Key components of an AI safe zone framework include:

  • Approved tool inventory: A curated list of AI tools that have been evaluated by the governance board and approved for specific use cases, with clear documentation of their intended use, limitations, and performance characteristics.
  • Sandboxed testing environments: Isolated technical environments where new AI tools can be evaluated against institutional data without affecting production systems or patient care.
  • Clinician training and certification: Required training for clinicians who use approved AI tools, covering appropriate use cases, interpretation of AI outputs, and documentation requirements.
  • Performance monitoring and escalation: Continuous monitoring of AI tool performance, with defined thresholds for escalation when error rates exceed acceptable levels or when disparities are detected across patient populations.
  • Incident reporting and correction: Clear protocols for reporting AI-related adverse events, investigating root causes, and implementing corrective actions.

The AI safe zone approach offers several advantages for health systems navigating the governance gap:

  • It channels clinician enthusiasm for AI into approved, monitored channels, reducing the shadow AI problem.
  • It provides a framework for complying with multiple state regulatory regimes by establishing a consistent standard of safety and transparency.
  • It creates the institutional infrastructure needed to monitor clinical error rates and detect disparities.
  • It positions the health system to respond quickly to new regulatory requirements as they emerge.

The FDA's evolving approach to AI/ML device regulation, including the Predetermined Change Control Plan guidance, provides a useful model for how health systems can think about governing AI tools that evolve over time.
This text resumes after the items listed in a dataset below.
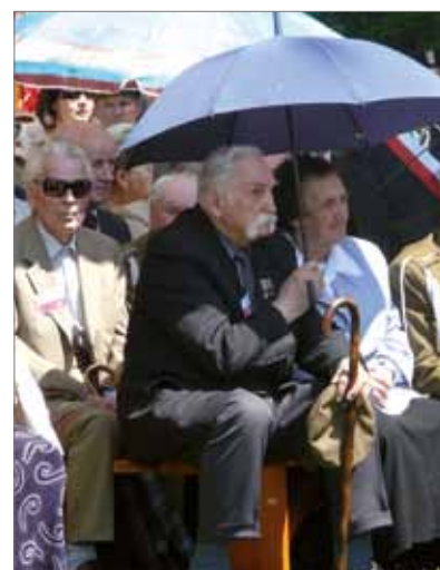
nizowany w Zamościu, Starosta Biłgorajski i Wójt Gminy Łukowa.

Organizatorem spotkania są: Wojewódzki Komitet Ochrony Pamięci Walk i Męczeństwa w Lublinie, Światowy Związek Żołnierzy AK Okręg Zamość, Ogólnopolski Związek Żołnierzy BCH, 3 Batalion Zmecha-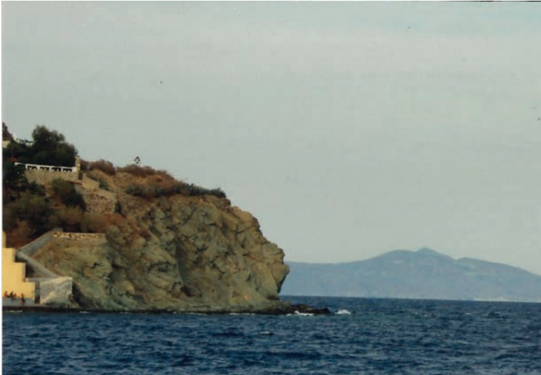
Abb. 2: Das Kap Vaporia mit dem tophilen ehemaligen Windmühlenstandort, im Hintergrund die Insel Tinos

abreisen sollte. Damit wird auch das Merkmal der Spannung als konstitutives Element seines Landschaftserlebnisses sichtbar (RIEDL 2018: 39ff.).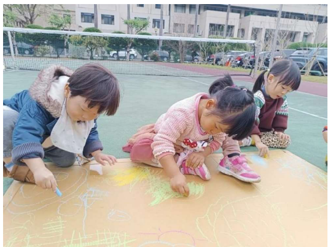
大地彩繪:合作學習~~創藝畫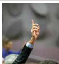
La prise de parole, à tour de rôle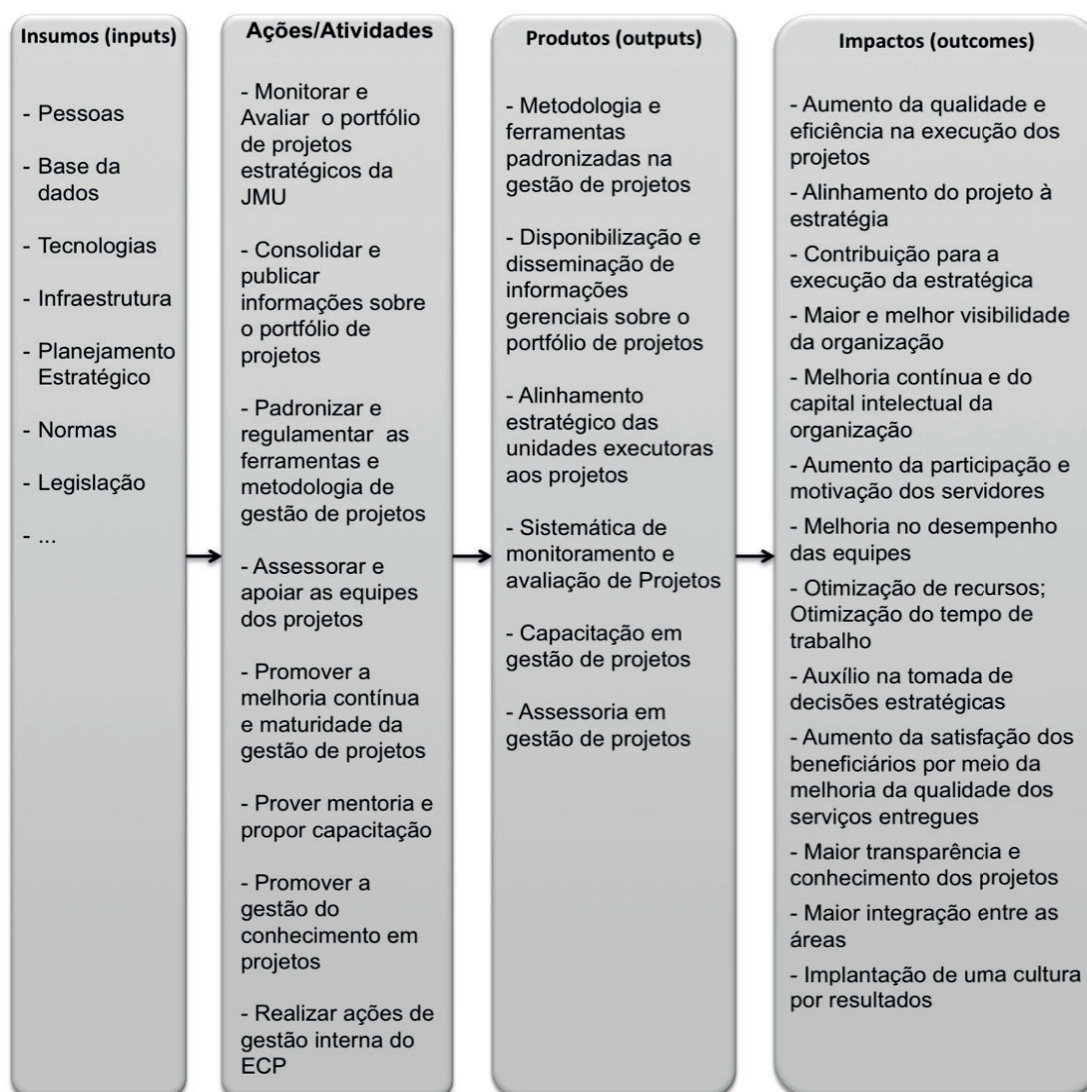
Figura 40 - Cadeia de Valor do ECP

A seguir, na Figura 40, é apresentada a cadeia de valor do ECP.

Just as the FDA is developing frameworks for managing AI/ML device modifications, health systems need frameworks for managing the continuous learning and adaptation that characterizes AI tools in clinical use.

The window for building these frameworks is narrowing. Shadow AI adoption continues to accelerate, state regulatory requirements are multiplying, and the clinical risk data makes clear that ungoverned AI deployment is not a sustainable path. Health systems that invest in governance infrastructure now — AI review boards, approved tool inventories, performance monitoring systems, clinician training programs — will be positioned to lead in the era of governed AI. Those that delay will face increasing regulatory exposure, clinical risk, and competitive disadvantage.

The year of governance is 2026. The question for every health system is whether they will be building their framework or scrambling to catch up.